Since pictures do not belong in the copy, please repeat every record below exactly without them.

=== The records ===

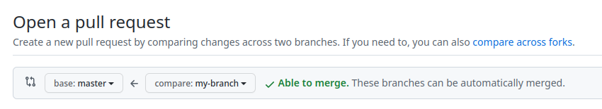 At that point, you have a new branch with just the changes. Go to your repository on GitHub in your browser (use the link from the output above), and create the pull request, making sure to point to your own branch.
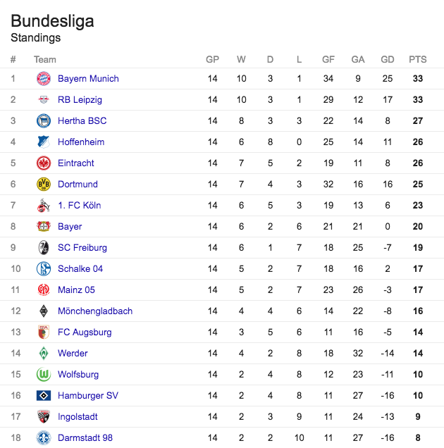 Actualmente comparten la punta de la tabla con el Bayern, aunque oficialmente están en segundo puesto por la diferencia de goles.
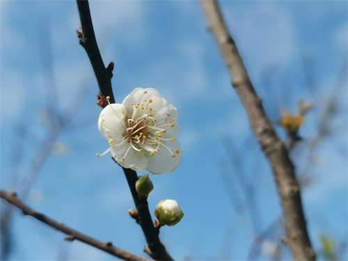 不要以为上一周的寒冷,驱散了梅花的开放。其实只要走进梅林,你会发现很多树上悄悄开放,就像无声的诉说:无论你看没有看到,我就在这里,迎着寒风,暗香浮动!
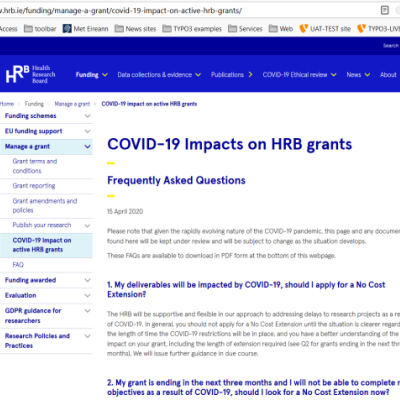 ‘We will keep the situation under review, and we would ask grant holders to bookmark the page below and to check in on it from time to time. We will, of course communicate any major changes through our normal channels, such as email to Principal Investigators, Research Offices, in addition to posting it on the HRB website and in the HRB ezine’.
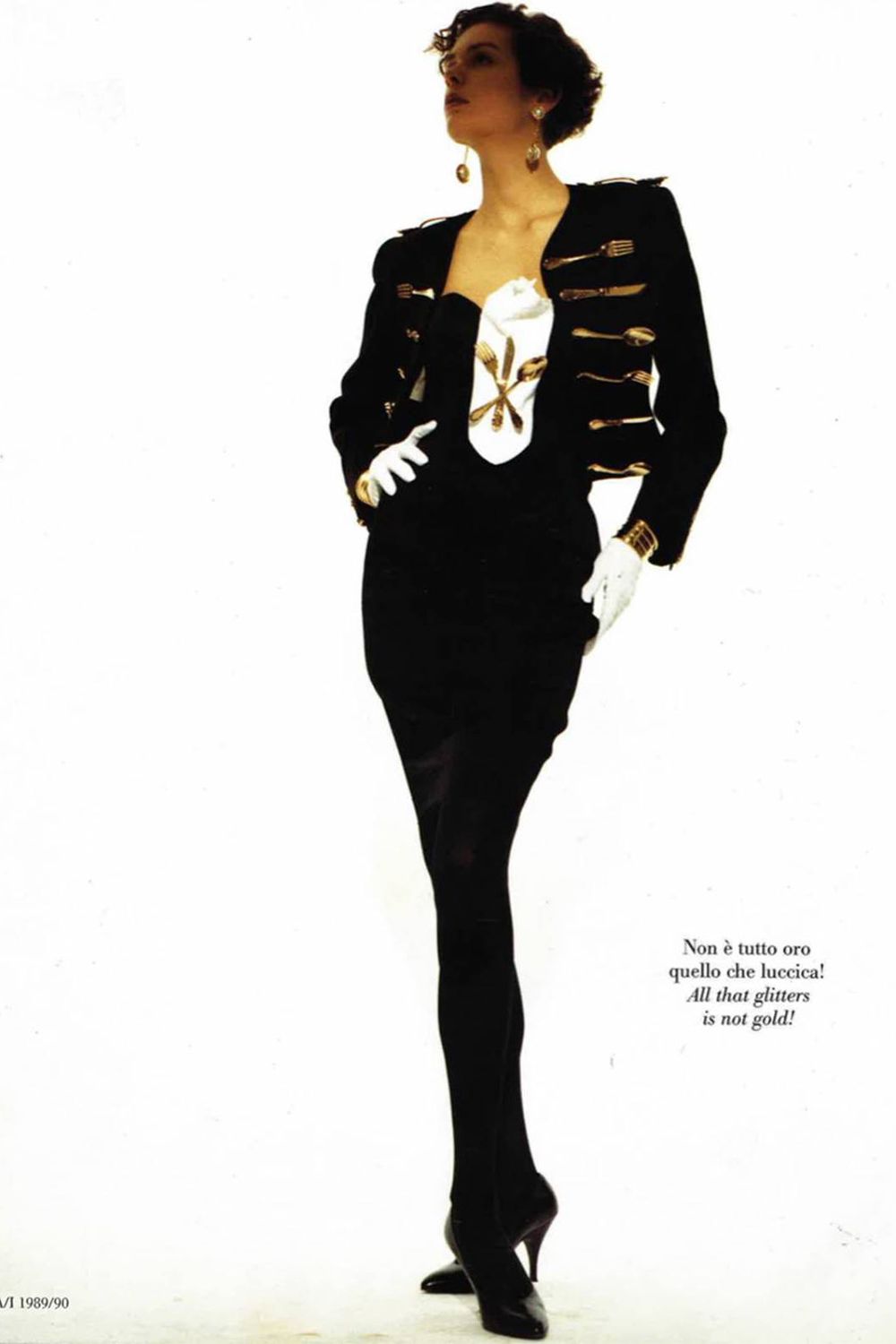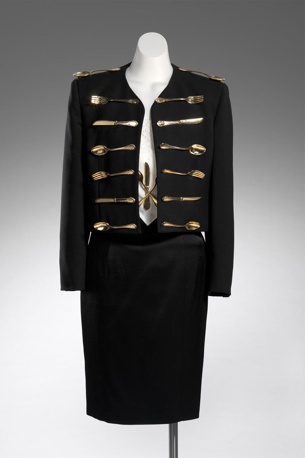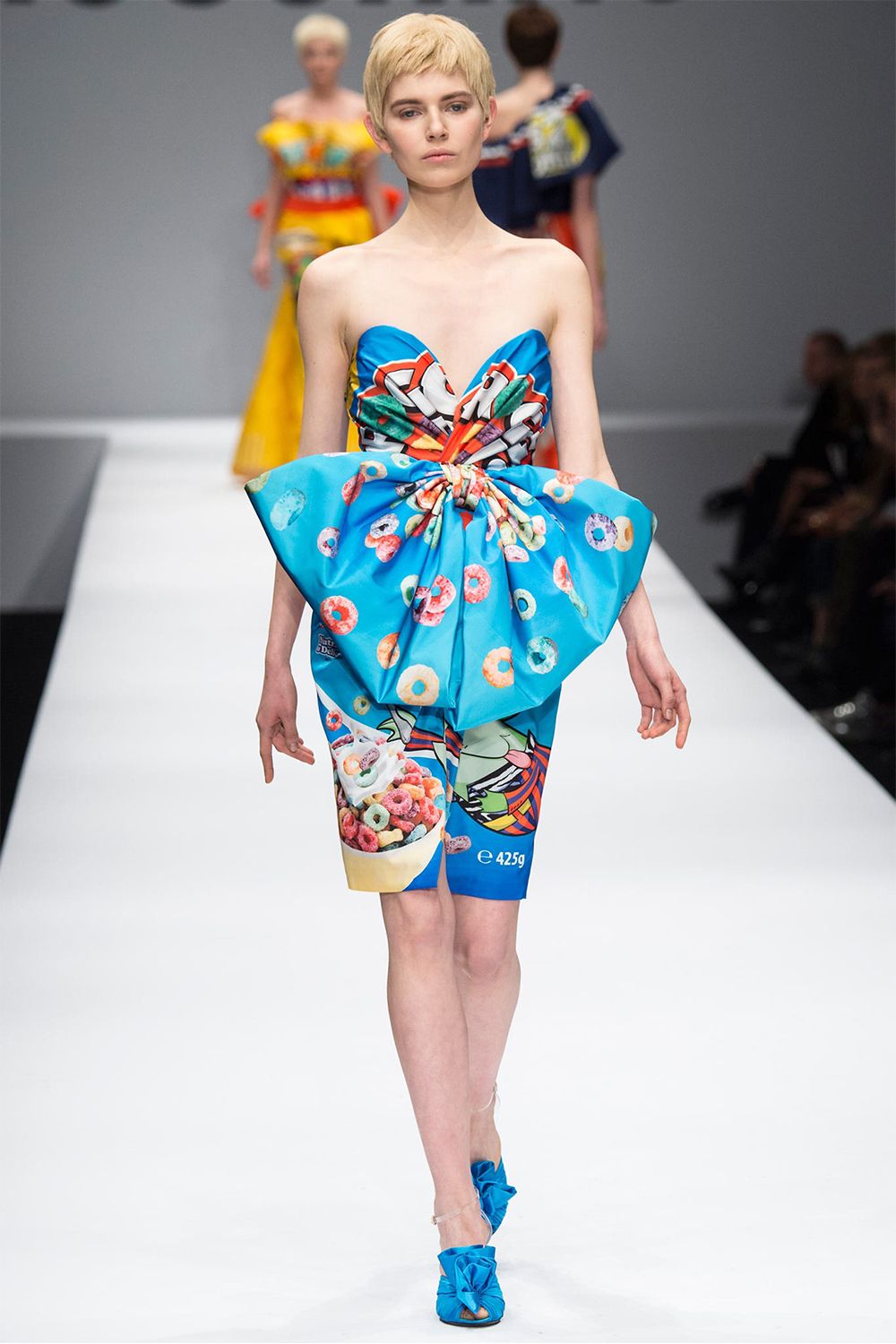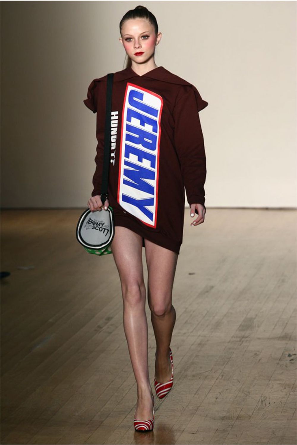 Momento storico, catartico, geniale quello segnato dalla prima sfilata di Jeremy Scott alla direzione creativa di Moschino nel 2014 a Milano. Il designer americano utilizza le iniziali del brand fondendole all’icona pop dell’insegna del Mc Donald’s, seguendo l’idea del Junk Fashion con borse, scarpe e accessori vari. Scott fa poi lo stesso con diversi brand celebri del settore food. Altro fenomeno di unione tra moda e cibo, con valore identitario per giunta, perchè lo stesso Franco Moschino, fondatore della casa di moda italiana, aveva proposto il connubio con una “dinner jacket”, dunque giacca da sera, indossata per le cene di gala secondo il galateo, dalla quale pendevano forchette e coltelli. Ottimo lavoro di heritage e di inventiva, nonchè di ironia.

===

> **Response area**:
 At that point, you have a new branch with just the changes. Go to your repository on GitHub in your browser (use the link from the output above), and create the pull request, making sure to point to your own branch.
 Actualmente comparten la punta de la tabla con el Bayern, aunque oficialmente están en segundo puesto por la diferencia de goles.
 不要以为上一周的寒冷,驱散了梅花的开放。其实只要走进梅林,你会发现很多树上悄悄开放,就像无声的诉说:无论你看没有看到,我就在这里,迎着寒风,暗香浮动!
 ‘We will keep the situation under review, and we would ask grant holders to bookmark the page below and to check in on it from time to time. We will, of course communicate any major changes through our normal channels, such as email to Principal Investigators, Research Offices, in addition to posting it on the HRB website and in the HRB ezine’.
 Momento storico, catartico, geniale quello segnato dalla prima sfilata di Jeremy Scott alla direzione creativa di Moschino nel 2014 a Milano. Il designer americano utilizza le iniziali del brand fondendole all’icona pop dell’insegna del Mc Donald’s, seguendo l’idea del Junk Fashion con borse, scarpe e accessori vari. Scott fa poi lo stesso con diversi brand celebri del settore food. Altro fenomeno di unione tra moda e cibo, con valore identitario per giunta, perchè lo stesso Franco Moschino, fondatore della casa di moda italiana, aveva proposto il connubio con una “dinner jacket”, dunque giacca da sera, indossata per le cene di gala secondo il galateo, dalla quale pendevano forchette e coltelli. Ottimo lavoro di heritage e di inventiva, nonchè di ironia.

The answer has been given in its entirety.